The real problem here is that the $v$ in $v=HD$ and the $v$ in $1+z=\sqrt{\frac{1+v/c}{1-v/c}}$ are not the same physical quantity. They shouldn't have used the same letter for them in a single paper, and they certainly shouldn't have punned on it by substituting one quantity into a formula that expects the other.

The $v$ in the special-relativistic formula is defined in terms of global inertial/Minkowski coordinates. In most FLRW cosmologies, you can't define global Minkowski coordinates because spacetime isn't flat, so you can't apply the special-relativistic formula because the $v$ in it is just meaningless.

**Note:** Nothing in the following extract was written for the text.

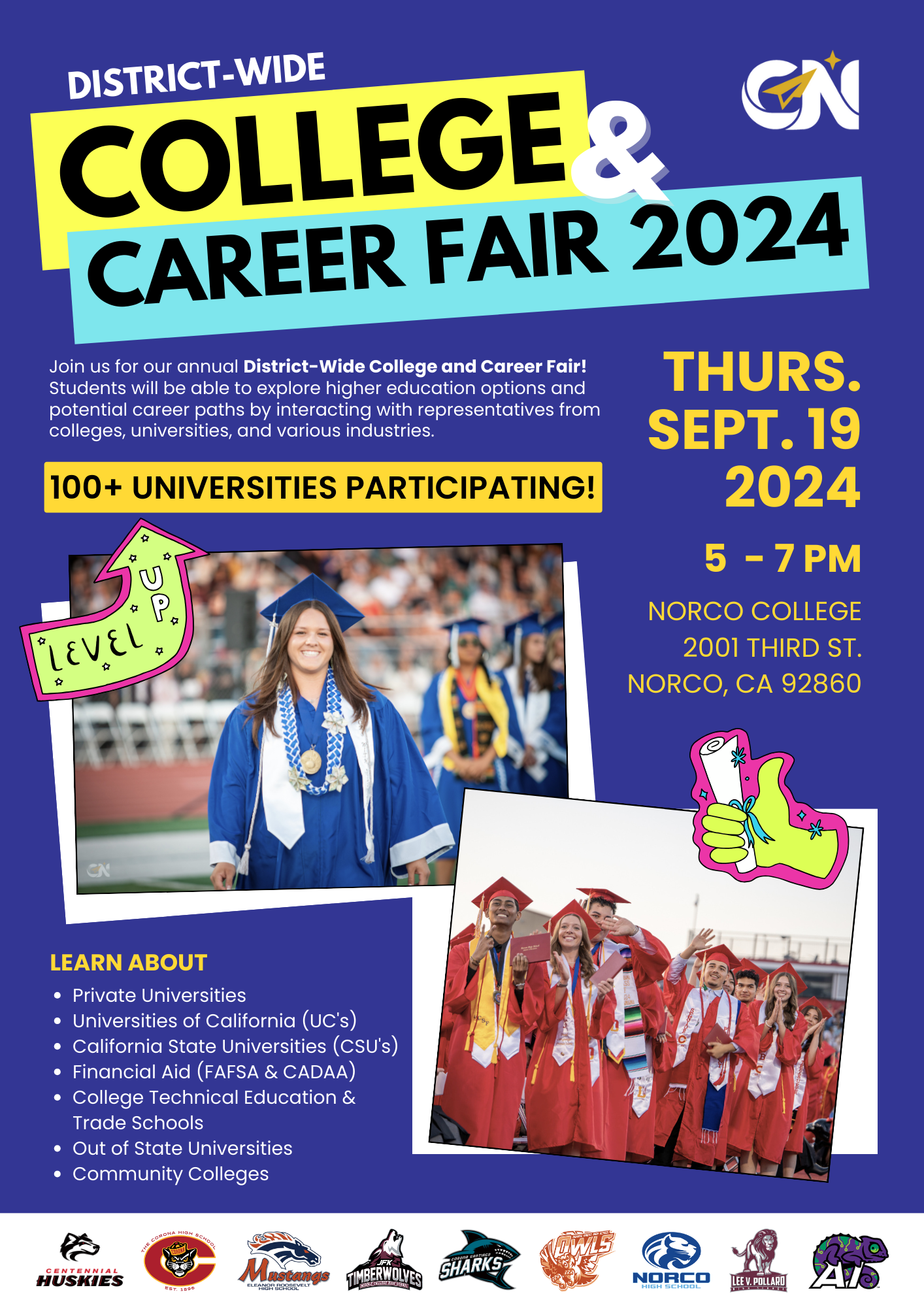Norco College, in collaboration with the Corona-Norco Unified School District (CNUSD), is excited to announce a highly anticipated Career and Education Fair on Thursday, September 19, 2024, from 5- 7 p.m. This event will bring together more than 60 representatives from public and private universities, military branches, emergency services, and local employers to provide students and community members with valuable opportunities for future education and career growth.

However, in the zero-density ($\Omega=0$) limit of FLRW cosmology, spacetime is flat, you can define Minkowski coordinates on it, and the SR formula does work, out to arbitrary distances.

There are two zero-density FLRW cosmologies. One is boring: the scale factor $a$ is constant and $v_{\small\text{FLRW}} = v_{\small\text{SR}} = 0$ and both formulas give $z=0$. The other is much more interesting; it's called the Milne model and it describes a linearly expanding universe. In this case it turns out that $$v_{\small\text{SR}} / c = \tanh (v_{\small\text{FLRW}} / c)$$ which means that $v_{\small\text{FLRW}}$ is in SR terms the rapidity. If you plug this into the SR redshift formula you get, after a bit of manipulation, $$1+z = \exp(v_{\small\text{FLRW}} / c).$$

Meanwhile, in FLRW coordinates we have $a(t) = \dot at$ (for some constant $\dot a$) and, for objects moving with the Hubble flow, $$v_{\small\text{FLRW}} = a'(t)x = \dot ax$$ $$1+z = a(t_r)/a(t_e) = t_r/t_e$$ $$x = \int_{t_e}^{t_r} \frac{c\,\mathrm dt}{a(t)} = \frac{c}{\dot a} \int_{t_e}^{t_r} \frac{\mathrm dt}{t}$$ (using e and r subscripts for emission and reception respectively), and the integral of $1/t$ is $\ln t$, so $1+z = \exp(v_{\small\text{FLRW}} / c)$ as before.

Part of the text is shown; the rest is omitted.